Data -
*** Begin section ***

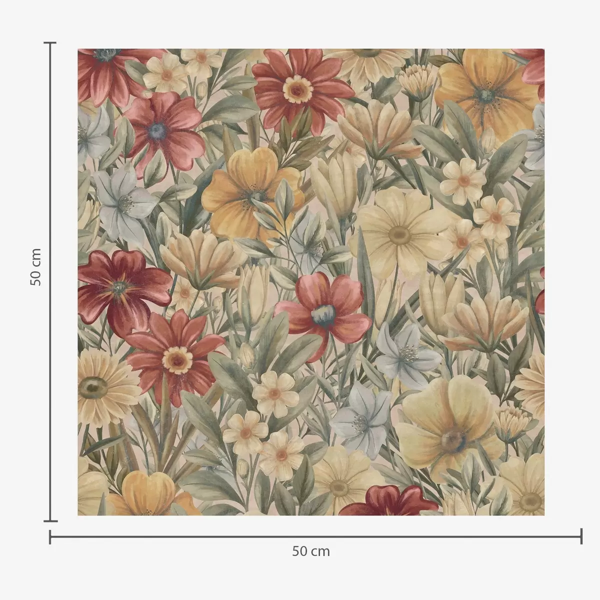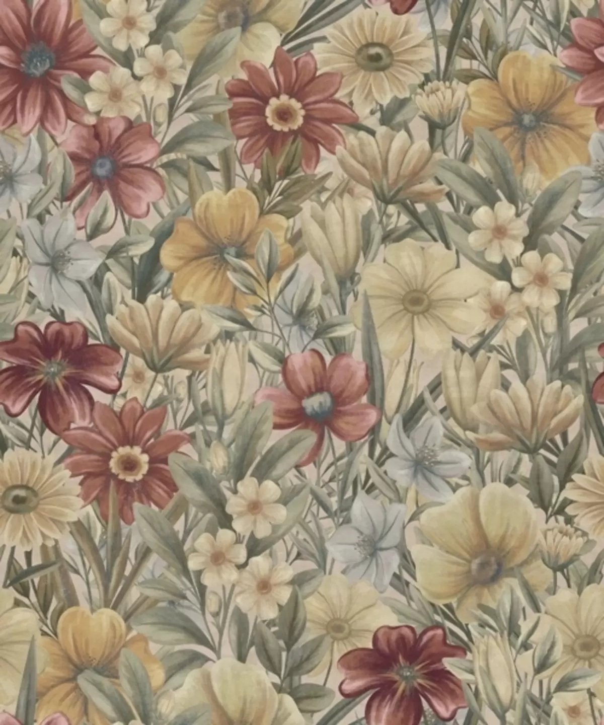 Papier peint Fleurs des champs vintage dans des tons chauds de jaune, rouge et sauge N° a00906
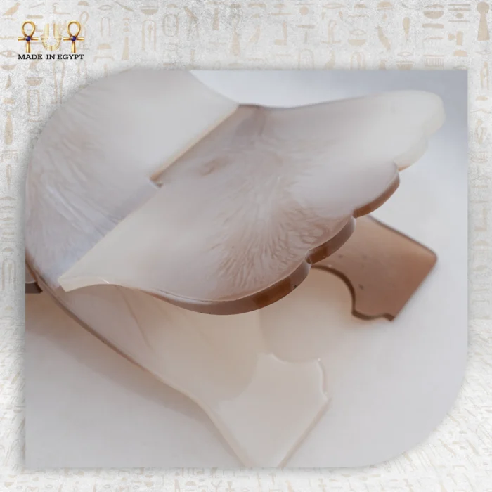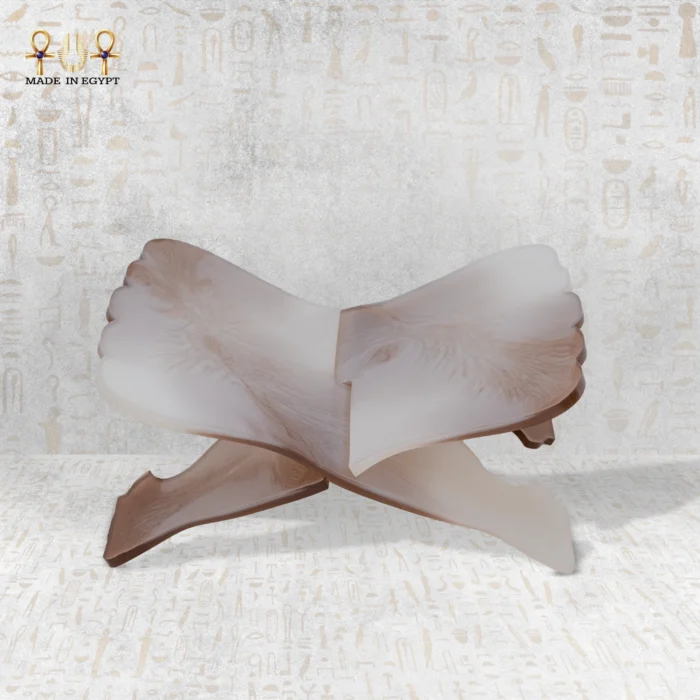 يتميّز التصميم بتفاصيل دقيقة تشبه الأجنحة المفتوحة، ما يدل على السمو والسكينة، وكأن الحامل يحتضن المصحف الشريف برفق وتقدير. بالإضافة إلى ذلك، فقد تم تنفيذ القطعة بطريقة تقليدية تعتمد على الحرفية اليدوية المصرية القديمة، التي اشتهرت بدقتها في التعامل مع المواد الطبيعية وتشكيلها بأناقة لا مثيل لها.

*** End section ***
*** Begin section ***

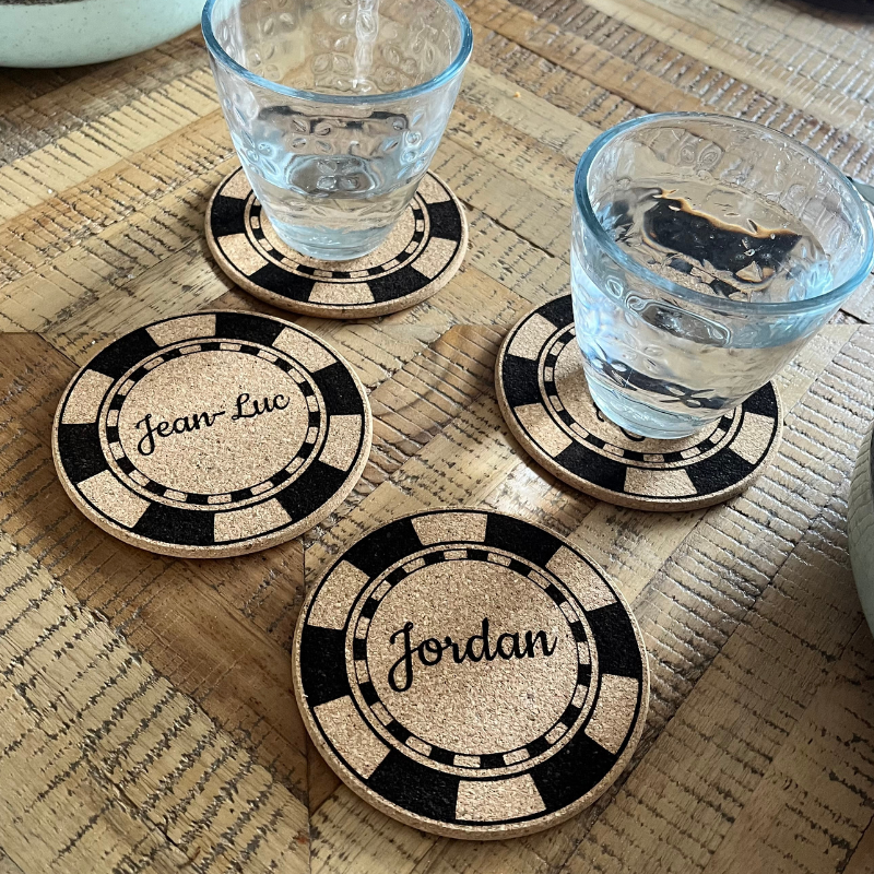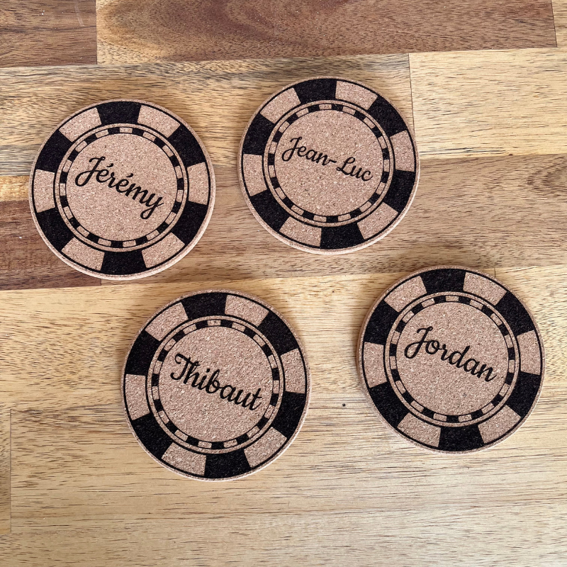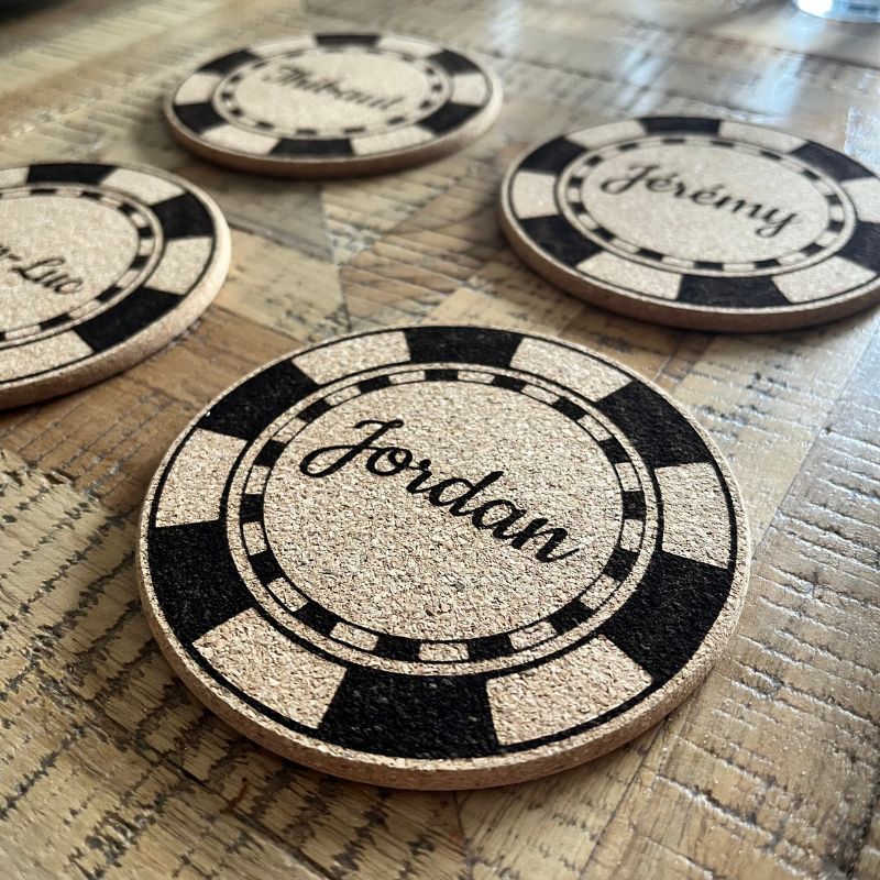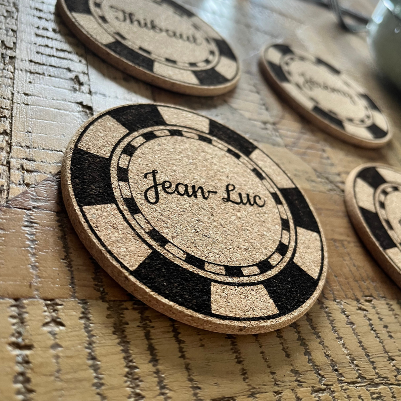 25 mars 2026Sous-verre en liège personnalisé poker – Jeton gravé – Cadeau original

*** End section ***

What the exercise asks - Give again, exactly as written above, every line from the one holding "Papier peint Fleurs" to the one holding "يتميّز التصميم بتفاصيل", with both ends kept and the pictures left out.

Response to this exercise -
 Papier peint Fleurs des champs vintage dans des tons chauds de jaune, rouge et sauge N° a00906
 يتميّز التصميم بتفاصيل دقيقة تشبه الأجنحة المفتوحة، ما يدل على السمو والسكينة، وكأن الحامل يحتضن المصحف الشريف برفق وتقدير. بالإضافة إلى ذلك، فقد تم تنفيذ القطعة بطريقة تقليدية تعتمد على الحرفية اليدوية المصرية القديمة، التي اشتهرت بدقتها في التعامل مع المواد الطبيعية وتشكيلها بأناقة لا مثيل لها.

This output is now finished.